Trump – in seguito al suo incontro con Rutte – sembrava anche rilanciare la sua minaccia di sottrarre la Groenlandia alla Danimarca, membro della NATO – una mossa che aveva scosso l’alleanza prima che lanciasse la sua guerra all’Iran.

“Ricordate la Groenlandia, quel grosso pezzo di ghiaccio mal gestito!!!”, ha scritto.

Rutte, conosciuto in Europa come “il sussurratore di Trump” per la sua abilità nel mantenere un rapporto produttivo con il presidente degli Stati Uniti, ha detto all’emittente CNN che Trump è “chiaramente deluso da molti alleati della NATO”.

Rutte ha affermato di aver avuto discussioni “molto franche” e “molto aperte” con Trump durante l’incontro e che, pur comprendendo le frustrazioni del presidente degli Stati Uniti, ha respinto alcune delle critiche più generali.

“Ho anche potuto sottolineare il fatto che la grande maggioranza delle nazioni europee è stata d’aiuto, con le basi, con la logistica, con i sorvoli, assicurandosi di rispettare gli impegni”, ha detto Rutte.

“Ciò che gli Stati Uniti hanno fatto con l’Iran, potevano farlo perché tanti paesi europei hanno rispettato gli impegni presi. Non tutti, e capisco perfettamente il suo disappunto al riguardo, ma è, quindi, un quadro sfumato”, ha aggiunto.

Rutte ha anche respinto l’idea che i membri della NATO considerassero la guerra contro l’Iran “illegale”, sostenendo che in Europa vi era un ampio sostegno al degrado delle capacità nucleari e missilistiche dell’Iran. Ha anche affermato che una diplomazia prolungata rischia di creare un “momento nordcoreano” – in cui i colloqui si trascinano finché un paese non acquisisce capacità nucleare e diventa troppo tardi per agire.

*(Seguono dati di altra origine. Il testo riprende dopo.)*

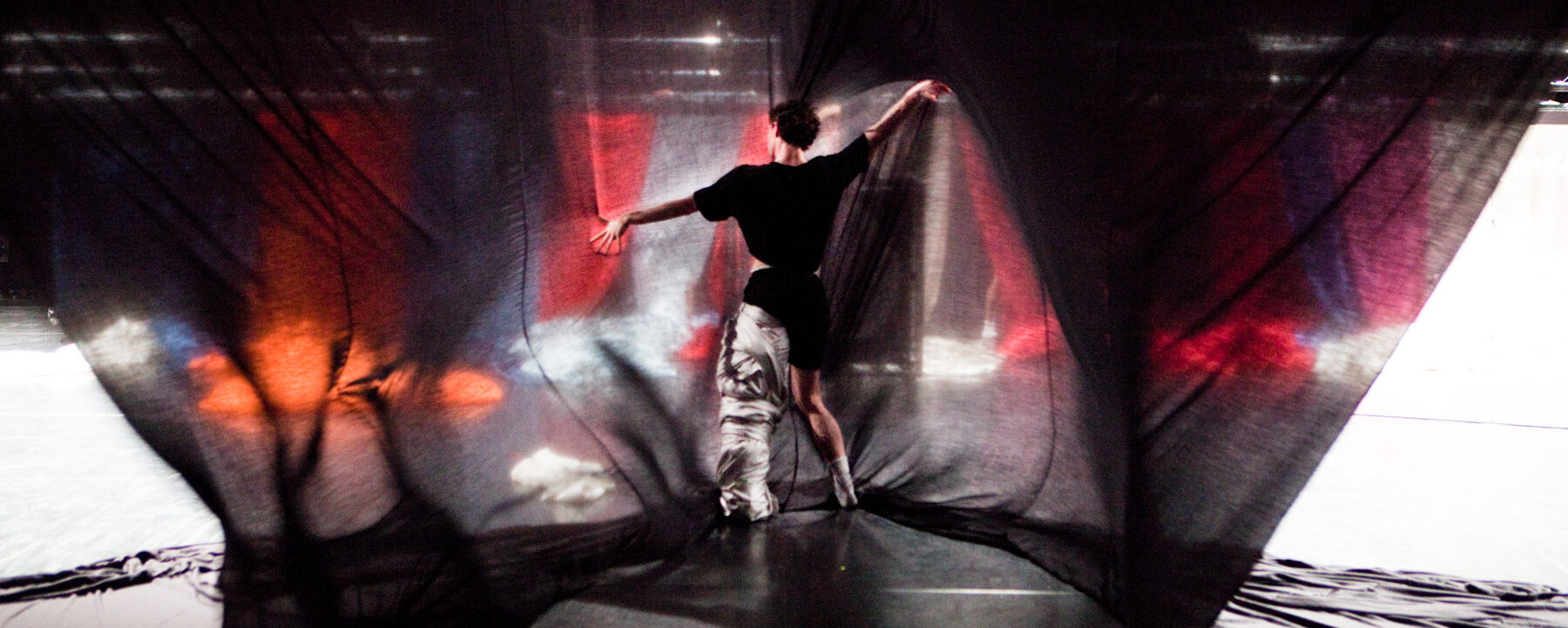 La peinture baroque m’a inspirée. Ces grands drapés qui tombent du ciel, s’enroulent autour de corps nus, les étranglent presque, j’y ai vu l’image de notre condition : pris dans une vie émaillée de relations et de contradictions multiples, dans un monde qui globalement déraille. Dans la pièce, nous sommes comme à l’intérieur d’une tête géante où les pans de soie matérialisent cette agitation mentale permanente. Il faut sans cesse ramasser, plier, dégager l’espace, être aux prises avec ce qui nous tombe sur la tête et arrive d’on ne sait où, et poursuivre. Le tissu seul ne fait rien, le défi a été de le maintenir constamment en l’air, d’y insuffler du mouvement. La pièce est techniquement et physiquement éprouvante. L’équipe connaît à présent chaque centimètre de ces rouleaux, leurs trous, leurs usures.

Il capo della NATO ha rifiutato di rispondere direttamente quando gli è stato chiesto più volte se Trump avesse detto che avrebbe lasciato l’alleanza.

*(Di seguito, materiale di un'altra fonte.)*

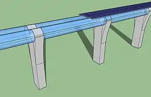 Il imagine même rendre le système auto-suffisant en plaçant des panneaux solaires sur les tubes, voire générer un surplus d'énergie si l'Hyperloop consomme moins que l'électricité accumulée. Il l'oppose au projet California High-Speed Rail qu'il juge catastrophique car, avec son coût de 60 milliards de dollars, il estime qu'il serait « le plus lent de sa catégorie et le plus cher au kilomètre ».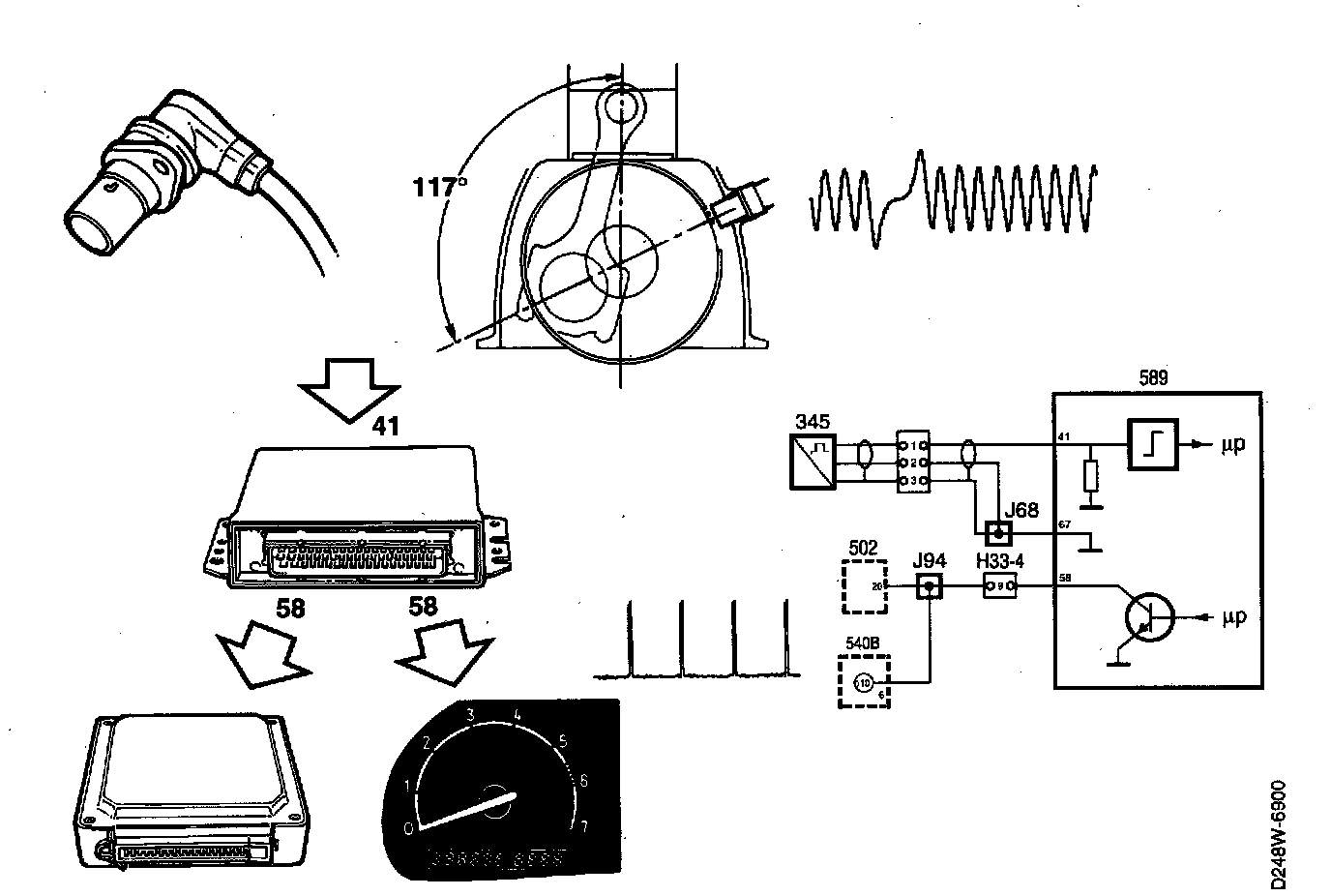 The sensor acts as a generator and produces a sinusoidal alternating current. By measuring the frequency, the engine control module can determine the speed at which the engine rotates (rpm). After the 58th rib is a gap corresponding to 2 ribs. When rib No. 1 subsequently passes the sensor, the engine control module knows that the crankshaft is 117° before top dead centre (BTDC).

La NATO, che comprende paesi europei, Stati Uniti e Canada, è stata costituita nel 1949 per contrastare l’Unione Sovietica e da allora è stata la pietra angolare della sicurezza dell’Occidente.

L’alleanza ha attivato la clausola di mutua difesa solo in un’occasione, in seguito agli attacchi del settembre 2001 al World Trade Center negli Stati Uniti.

Non era chiaro quale ruolo Trump si aspettasse che giocasse in Medio Oriente.

Il Wall Street Journal, nel frattempo, ha riferito che Trump stava cercando di punire alcuni membri della NATO che riteneva inutili durante il conflitto, spostando le truppe americane dai loro paesi.

Il piano, riportato dal Wall Street Journal, non sarebbe all’altezza delle minacce di Trump di far uscire completamente gli Stati Uniti dalla NATO – una mossa per la quale avrebbe bisogno dell’approvazione del Congresso americano.

Rutte non ha risposto direttamente quando gli è stato chiesto di quel rapporto.

“La grande maggioranza delle nazioni europee, compresa la Francia, ha fatto ciò che si era impegnata prima di farlo in un caso come questo”, ha invece affermato.

“Quindi l’Europa, come piattaforma di proiezione del potere per gli Stati Uniti, è stata in piena attività nelle ultime sei settimane”.